Input data:
-------

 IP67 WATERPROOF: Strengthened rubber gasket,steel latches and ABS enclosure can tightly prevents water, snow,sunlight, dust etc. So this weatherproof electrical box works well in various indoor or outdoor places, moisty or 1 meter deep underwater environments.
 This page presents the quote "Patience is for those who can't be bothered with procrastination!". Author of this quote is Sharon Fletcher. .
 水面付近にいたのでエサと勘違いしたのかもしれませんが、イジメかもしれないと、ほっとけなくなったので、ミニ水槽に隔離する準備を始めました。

-------

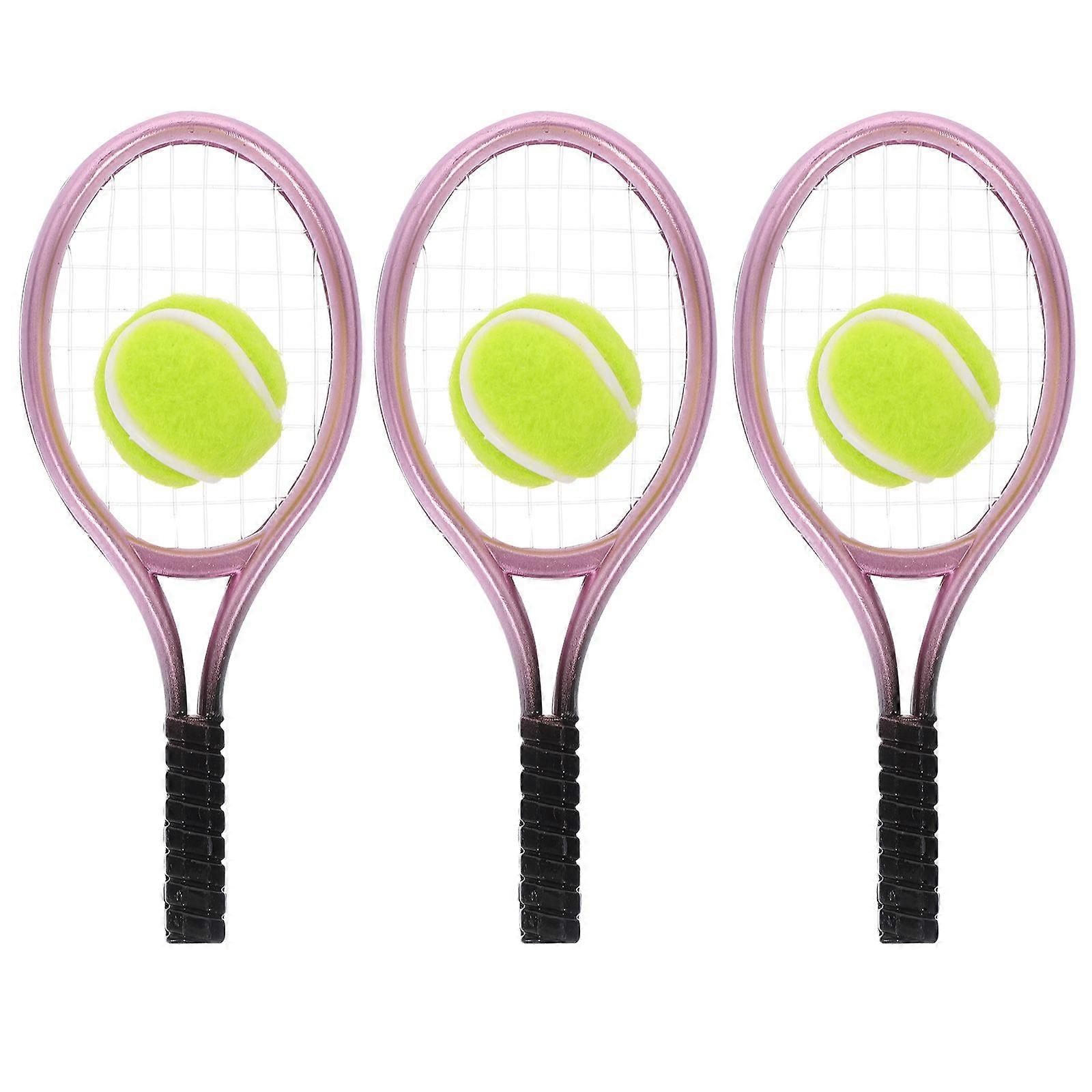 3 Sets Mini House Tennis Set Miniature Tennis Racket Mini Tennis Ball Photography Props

-------

Task item: Using the records above, count every line that includes the word "this", and state the number only.

Task solution: 2